Gevşeklik göstermeyin, üzülmeyin; eğer inanmışsanız şüphesiz en üstün olan sizsiniz.(Âl-i İmrân Suresi – 139)‘
Mü’min iseniz siz en üstünüz.’ buyruluyor. Bu zannediyorum ki Bedir Harbi’nde inmiş bir ayettir. Müslümanlar az… Karşı taraf bin kişi. Yedi yüz kişi de süvari… Süvari ne demek? Atı var neyse… Peygamberimiz endişe içinde dua ediyor. Ayetler geliyor. ‘Üç bin melekle yardım ettim.’ Başka… ‘Beş bin melekle yardım ettim.’ Beş bin melek, üç bin melek… Cenâb-ı Allah’ın ordusuna kim güç yetebilir? Bir melek olsa ne… Yani hiçbir melek bile olmasa ona da ihtiyacı yok. Allah ‘Kün’ dese… Bu dünya nasıl yaratmış? Öyle oluyor. Göklerin ve yerin hükümranlığı Allah’ındır. Allah’ın her şeye gücü yeter.’(Âl-i İmrân Suresi – 189)Ama nereye geldik? Bak oradan, Bedir’den hala geliyoruz. Haa! Sıkıntılar çekti tabi, savaş olmadı daha henüz. Bedir biliyorsunuz Mekke’den Medine’ye geçince oldu. Göçten sonra oldu. Daha henüz göç yok. Peygamberimiz böyle devam ediyor. Peygamberlikten sonra on yıl Mekke’de davet etti. Kırk yaşından elli yaşına kadar. İşte yoruldu, ıstırap çekti. Bazen üzüldü, bazen şu oldu bazen bu oldu vesaire. Günlerden bir gün oturdu orda, Kâbe’ye yaslandı. Orda böyle duruyor. Bide baktı ki az sonra üç beş tane Müslüman kan revan içerisinde ‘Ya Resulullah’! Bıktık bu Kureyşlilerden. Bize şöyle eziyet ediyorlar, böyle eziyet ediyorlar. Yani hatta ondan sonra…‘Bize dua et, onları helak etsin Cenâb-ı Mevla.’ Tabi Peygamberimiz çok muzdarip oldu. Şöyle doğruldu, uzun değil de çok şeyler söyledi. Peygamberimiz buyurdu ki: -gölgede ayağa kalkarak, yani hadisin sonu şöyle buyruluyor- ‘Siz çok acele ediyorsunuz. Dur bakalım daha işin başındasınız. Sizden öncekilere gelen eziyetler, felaketler, musibetler size gelmeden öyle bir eliniz yağda bir eliniz balda cennete gireceğinizi mi zannediyorsunuz? Sizden önceki inanan kişiler inançlarından döndürülmesi için alınıyordu. Canlı canlı derileri yüzülüyordu. Bir… Sonra çeşitli işkenceler yapılıyordu. Demir taraklarla lime lime, bedenleri kıyma yapılıncaya kadar bedenleri şey yapılıyordu. Dönmüyorlardı. Öyle can veriyorlardı. Size böyle bir olay daha olmadı. Siz niye bu kadar şey yapıyorsunuz?’ sonra Resulullah Efendimiz zannedersem ki teyitle dedi ki: O kadar ki, hayvanına binmiş bir kimse, San’a ile Hadramevt arasında, San’a’dan çıkıp Hadramevte kadar gidecek de, Yüce Allah’tan başka, hiçbir şeyden korkmayacak; ancak (varsa) koyunu hakkında kurt saldırmasından kaygı duyacaktır!
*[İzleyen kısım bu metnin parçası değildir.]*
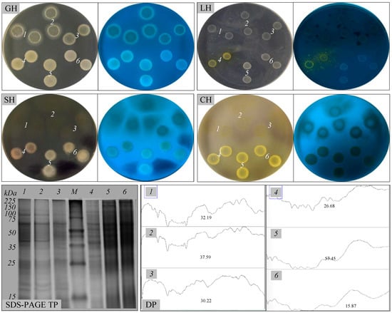 Enzymatic and protein profile of native bacterial consortia. CoP1 cultured in MSM-diesel 1% (1), 5% (2), 10% (3); CoP2 cultured in MSM-diesel 1% (4), 5% (5), 10% (6). Protease (gelatin hydrolysis, GH); lipase (lipid hydrolysis, LH); amylase (starch hydrolysis, SH); cellulase (cellulose hydrolysis, CH); Petri plates observed under visible and UV light. SDS-PAGE of total-cell protein (TP), broad-range protein molecular weight marker, Promega (M); densitometry plots (DP) for the SDS-PAGE gel.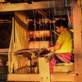 Outre cette ville très agréable, Luang Prabang offre aussi un accès à une belle campagne située aux alentours. Pour découvrir ces nouveaux joyaux de la nature, nous avons pris les services d’un tuk tuk à la journée pour aller voir le village de Hmong puis les cascades de Kuang Si. La route ou plutôt le chemin que nous empruntions était fait de nid de poule et de cailloux. C’était poussiéreux et ça secouait grave mais après une bonne demi-heure de trajet nous arrivions sur notre première destination. D’abord nous avons fait une halte chez un couple qui travaille le coton. Ils fabriquent toute sorte de vêtement qui sont très sympa ! La dame nous a expliqué, montré et installé à côté d’elle pour essayer chacune des étapes du travail du coton.
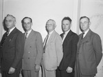In attendance at the "Big Four" Railway Convention were left to right, W. M. Conway, J. H. Vallee, Sam Lewis, Leon Krus, and H. L. Reynolds. The trainmen and engineers elected officers at the convention. Mr. Conway of Fort Worth, Texas is wearing a double breasted pinstripe suit. He was re-elected chairman. Mr. Vallee of Wichita Falls, Texas is dressed in a double breasted suit. He was named secretary. Mr. Lewis, Amarillo, Texas, is wearing a light colored suit. He was elected first vice chairman. Mr. Krus of Houston, Texas is wearing a dark suit. He is the executive committeeman. Mr. Reynolds is dressed in a three piece suit. He was re-elected second vice chairman.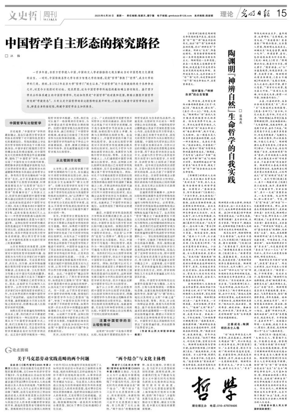 6月30日,江怡教授在《光明日报》哲学版发表头条文章《中国哲学自主形态的探究路径》。文章指出,一百多年前,当西方哲学进入中国,中国的文人学者纷纷将之视为解决当时中国思想文化困境的法宝。一时间,中国传统圣贤之学与西方智慧之学的相遇,促使“哲学”替换了“经学”,成为大学的学科门类。然而,自1912年北京大学“哲学门”诞生以来,“中国哲学”这个名称就始终处于各种争论之中,时至今日依然时有讨论。究其原因,这与中国哲学学科地位的最初确立密切相关。基于西方学术分科体系建立的中国哲学学科,无论如何界定“中国哲学”的对象和范围,都难以摆脱中国哲学研究的“学徒状态”。只有立足中国哲学的非比较性特征展开研究,才能深入探索中国哲学的自主形态,彰显自身的独创性,构建中国哲学自主知识体系。文章详细分析了中国哲学与比较哲学的关系,强调了作为中国哲学自主形态的非比较性特征。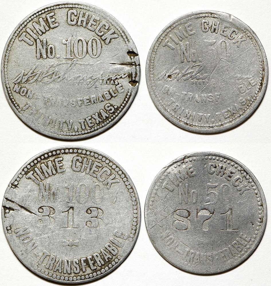 Two time check tokens from RR town founded in 1872 North of Houston HWAC# 62721 Date: Location: Trinity, Texas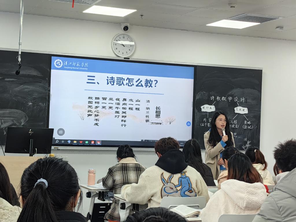 梁伟老师讲授的《小学语文课程与教学论》示范课以“任务驱动法”为核心,引导学生掌握诗歌教学的“六读法”——引读、朗读、译读、想读、品读、比读。通过精心设计的课堂任务,学生不仅深入理解诗歌内涵,还提升了自主探究和合作学习能力。诗歌教学不仅是知识的传递,更是情感的熏陶和思维的激发,任务驱动法能有效提升学生的课堂参与度,使语文教学更加生动、高效。

Fakat siz çok acele ediyorsunuz.’ Şu hadisin güzelliğine bakar mısınız? Geçmiş ümmetten bize haber veriyor. Bunlar böyle… Oradaki Müslümanlar başlar önde. Tabi ki ne yapıyor? Sabır tavsiye ediyor. Evet, tamam. Cevaplarını da alıp gidiyorlar ama bize de örnek var. Biiir! Örnek, sabır! İki, Şu! Üç, şu… Dört, şu. Beş, altı, yedi… Yedinciyi söyleyim. Peygamberimizin mucizesi. Yani böyle bir emniyet zamanı gelecek. Geldi mi? İslamiyet zaten getirdi onu. Peygamberimiz zamanında o zaman geldi. Ama devam etti mi? Etti. Zaman zaman şeyler oluyor. Hala da var mı? Devam ediyor mu? Bazı ülkelerde oluyor. Onda artık bir şey değil. Böyle emniyetli zamanlar olacaktır Peygamberimizin mucizesi.